The neighborhood we lived in, Kips Bay, was almost all Irish and Italian. We were street-smart city kids, but the kinds of things the older ones did, like the boys shooting off firecrackers or maybe stealing hubcaps, the girls chewing gum and putting on black eyeliner because it made them look hard and tough, seem very innocent now. We never really wanted for anything, and I never remember being hungry. So tabloid stories that say “a piece of bread seemed like birthday cake to her” still make me furious. Sure we were poor, but we weren’t desperate, we weren’t like homeless people who may have nothing at all to eat. If I was hungry, it was because my mother made pea soup, which I wouldn’t eat on a dare.

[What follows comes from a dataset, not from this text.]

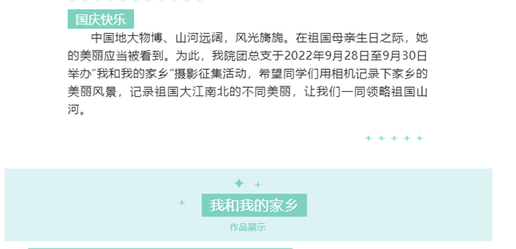 經濟管理學院舉辦了“我和我的家鄉(xiāng)”作品展,通過同學們記錄的家鄉(xiāng)美麗風景,展現(xiàn)祖國的大好河山,激發(fā)學生愛國之情和建設家鄉(xiāng)之志。

My mother had a strong sense of responsibility to her family. She used the phrase “these children we brought into the world” again and again. She prided herself on the fact that she raised perfectly clean children. People of her generation in that neighborhood had very little to be proud of, but they were proud of the way they kept a home. It was the old “you could eat off the floor” routine, though what my mother forgets is the reason you could eat off the floor is that my sister was washing it! The household might be threadbare, but it was sparkling clean, and her children were dressed better than lots of rich people’s kids; my clothes were much better, much cleaner, much neater than my boys’ are today. When you’ve got the money, you relax and say, “Fine, wear the holes in your jeans, look like a bum.” But when you don’t have it, you want to look as if you do.